Поскольку дать определение Абсолюту невозможно, его определяют исходя из его противоположности – это называется негативной теологией. Человеческий ум подвержен одному глубинному изъяну: чтобы он осознал ценность чего-либо, его надо этого лишить. Когда чего-то нет – человеку это понятно, когда это есть – для него это темный лес.
– Расскажите это создателям высокой моды, месье. Они придут в восторг.
– Еще бы! Для них я – открытие века. Они-то знают, что проблема есть: у их клиентов глаза такие же пресыщенные, как наши западные желудки. Чтобы их пробрало, приходится все время изобретать что-то новенькое, метаться то в сторону минимализма, то в сторону излишеств, суть одна. Как вернуть свежесть восприятия заевшемуся зрителю? Прочистить ему мозги. Для этого я и нужен. Я буду Vomitorium
[9]
для глаз.
– Не только для глаз: чем дольше я на вас смотрю, тем сильней меня тошнит в буквальном смысле, – добавила дама.
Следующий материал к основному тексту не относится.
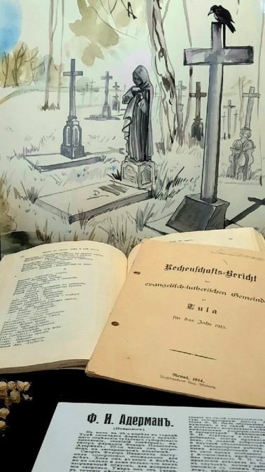 Тема возникла не случайно, ведь одним из устроителей лютеранского кладбища на Всехсвятском стал Ф. Г. Белявский (основатель и владелец “Старой тульской аптеки” и тех зданий, в которых сейчас располагается наш музей). Здесь в разные годы были погребены 8 человек из семьи Белявских-Адерман.

– Я вас за язык не тянул. Уж вы-то всякого навидались, вас ничем не удивить, и все-таки от меня вам нехорошо. Представьте, как я буду ходить по подиуму вместе с манекенщицами: я словно фальшивая нота среди гармонии, оттеню сияние их красоты, и все поймут, как она необходима. Чем больше открыта взору святыня, тем она тривиальнее; лучшее средство против этого – я. Вы и вам подобные испокон веков профанируете прекрасное, но вам достаточно один раз явить миру мое уродство, чтобы вернуть красоте первозданную чистоту.